School board meetings, especially in suburban and rural districts, have grown increasingly heated, and at times, hostile. Outside of a Pleasant Hill school board session earlier this school year, a fight broke out after members approved a mask mandate. The Cass County Sheriff’s Office issued citations to three people.
“I am currently in my fourth term and have never received the negative and hateful emails we have gotten,” said Raymore-Peculiar school board president Ruth Johnson. At least twice, Johnson said, she’s asked audience members to leave because of outbursts.
“It doesn’t matter what the issue, whether it be masking, mandating or whatever, people are very passionate about what they believe and have no problem with name calling and such to get their points across,” she said.
Columbia Public Schools board members and administrators have faced threats and harassment for months, with some incidents reported to police. District spokeswoman Michelle Baumstark said a “swirl of emotions” surrounds schools and children.

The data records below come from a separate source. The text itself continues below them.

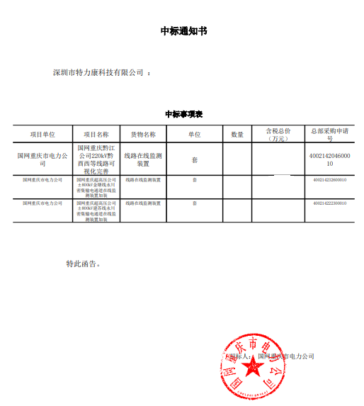 我司(深圳市特力康科技有限公司)中標國網重慶市電力公司2023年第二次物資公開招標采購-線路在線監測裝置-可視化(架空),中標通知如下:
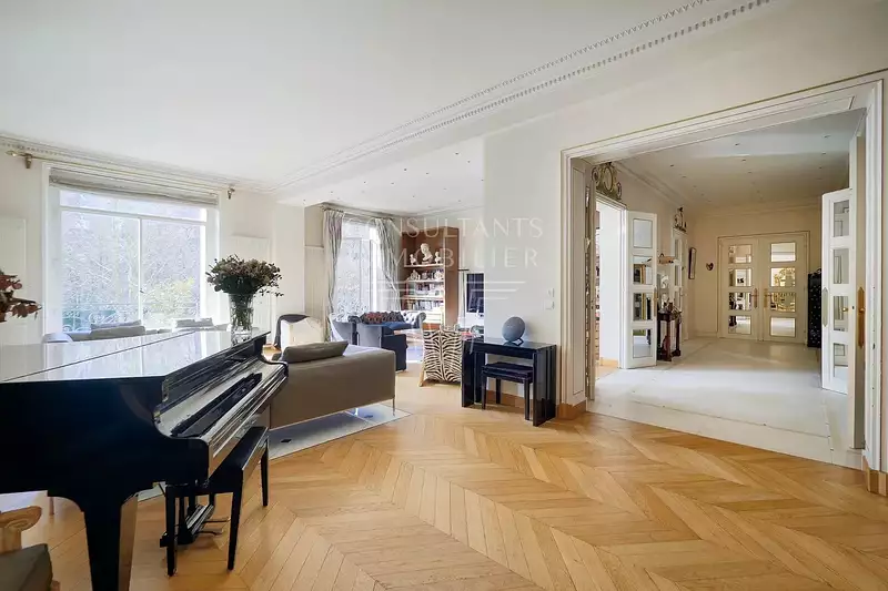 CONSULTANTS IMMOBILIER : PARIS XVI - AVENUE GEORGES MANDEL. VASTE APPARTEMENT PLEIN SUD AVEC BALCON. Au premier étage d'un immeuble de haut standing 1903 en pierre de taille, avec gardien : Appartement d'une superficie de 240 m2 à fois de réception et familial bénéficiant d'une hauteur sous plafond de 3,30 m d'un balcon exposé sud, vue sur la tour Eiffel.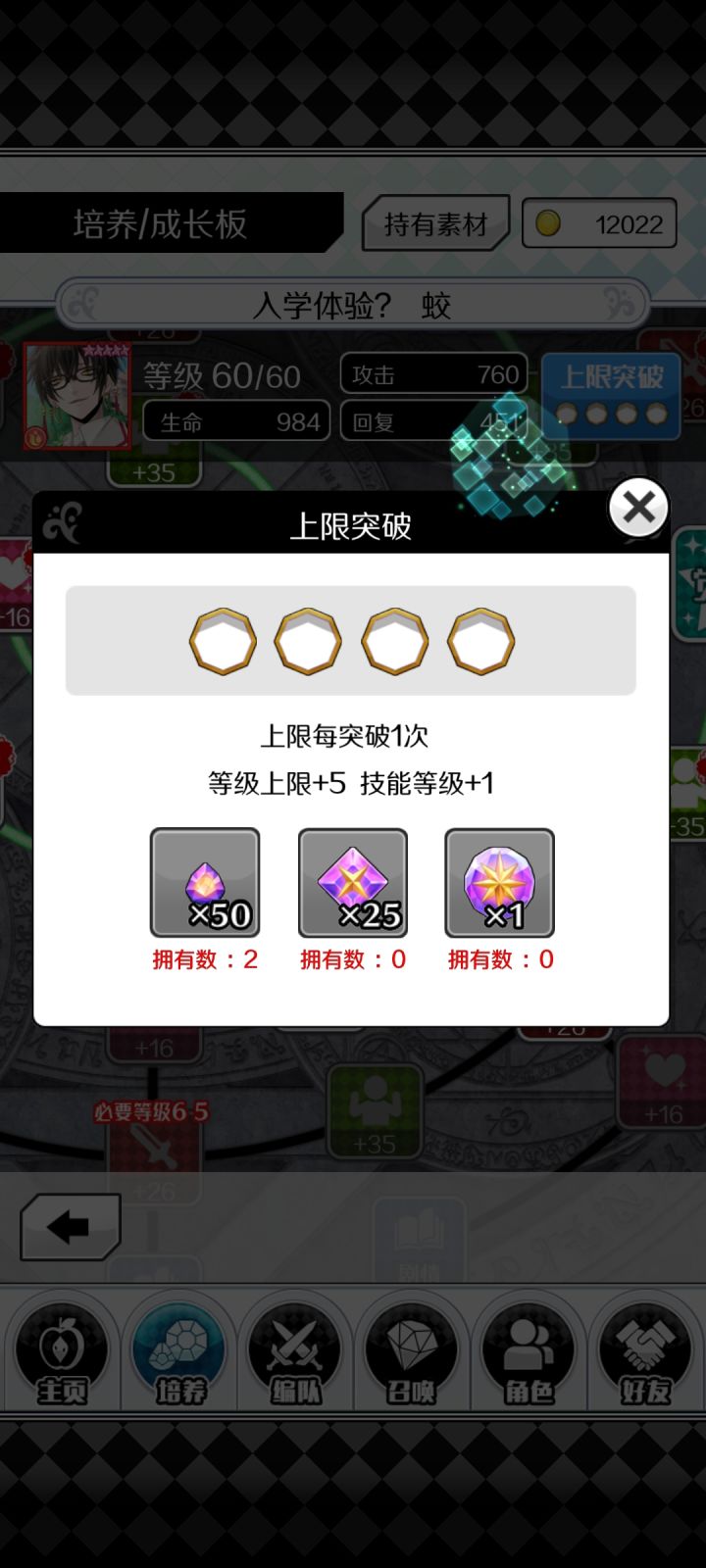 如果有需要,回复我,我贴个打的视频(图片是通关时候的阵容练度)队伍阵容:兑换的椿(靠打高级本换,主要是他的主动技能和风属性)/主动技能是碎珠的角色(随机碎珠多少颗,或者固定位置碎珠都行)/主动技能是奶的角色/主动技能是时间增加的角色/兑换的金(我的是拿满五张的,其实感觉觉醒就行)/助战:甜点威廉姆(根据队伍练度,图片这个练度应该需要50级以上的甜点)(碎珠,奶,时间增加,这三个角色最好是黄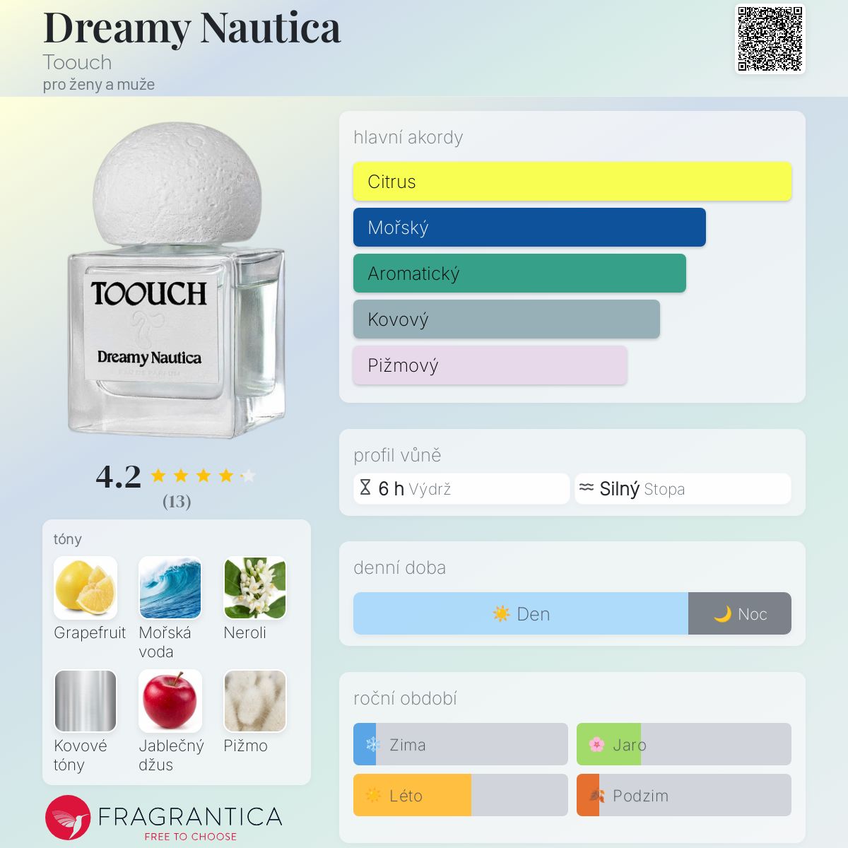 Dreamy Nautica podle Toouch je Aromatic Aquatic vůně pro ženy a muže. Toto je nová vůně. Dreamy Nautica byl/a uveden/a v roce 2025. "Nosem" za touto vůní je Sy Truong. Vrchní tóny jsou Grapefruit a Jablečný džus; střední tóny jsouNeroli a Mořská sůl ; základní tóny jsou Vodní tóny, Kovové tóny a Pižmo.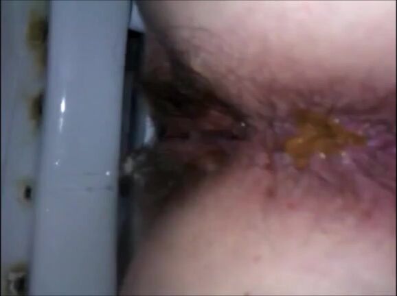 Hairy woman shitting closeup on a dirty toilet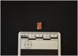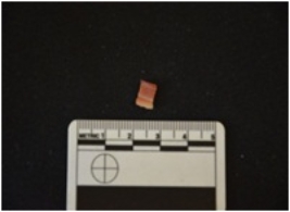 | Description / विवरण | Fragment of a parallel sided blade made on chert, use wear marks visible on both edges, broken at both ends, mid-ridge seen on the dorsal side. |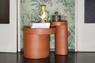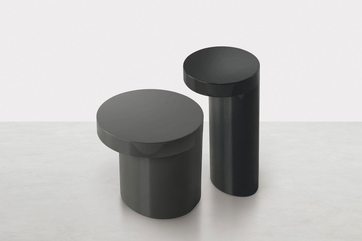 The exaggerated volumes of Lazy-O are the mantra of a series that includes a console table, side tables, and a bench.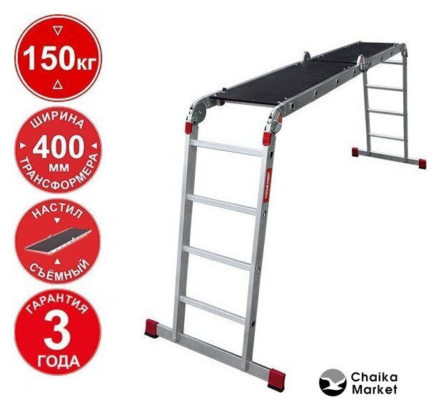 лестница-трансформер, 12 ступеней, алюминий, верхняя площадка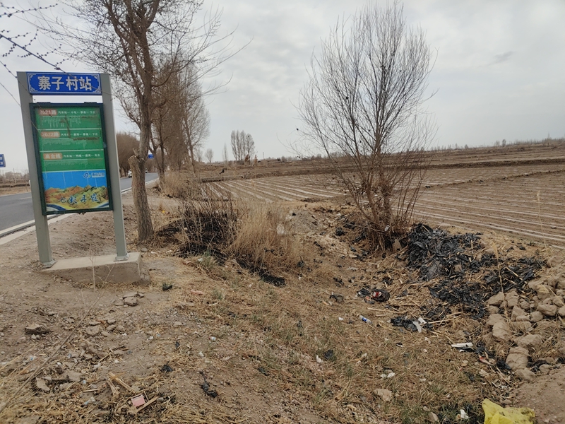 蓼泉镇寨子村入口两侧有大量残膜

“It’s okay to disagree. It’s okay to have differing opinions. It’s not okay to threaten, harass and intimidate to try to address and resolve those concerns,” Baumstark said in a statement. “We have to remember that our children are watching and listening to all of this.”
Still, Rowden, who represents Columbia, said the NSBA effort amounted to “one of the most blatant attempts to silence opposition I have ever witnessed.” In writing to MSBA, he said he felt compelled to ensure the state group isn’t using its platform and influence to conflate parents with “mass-murdering terrorists.”
Randol said Rowden should follow the example he set in May, when the senator and his family faced threats at the end of the legislative session. At that time, Rowden tweeted that civility and respect must exist alongside passion for a political cause.
“I couldn’t say it better than that,” Randol said.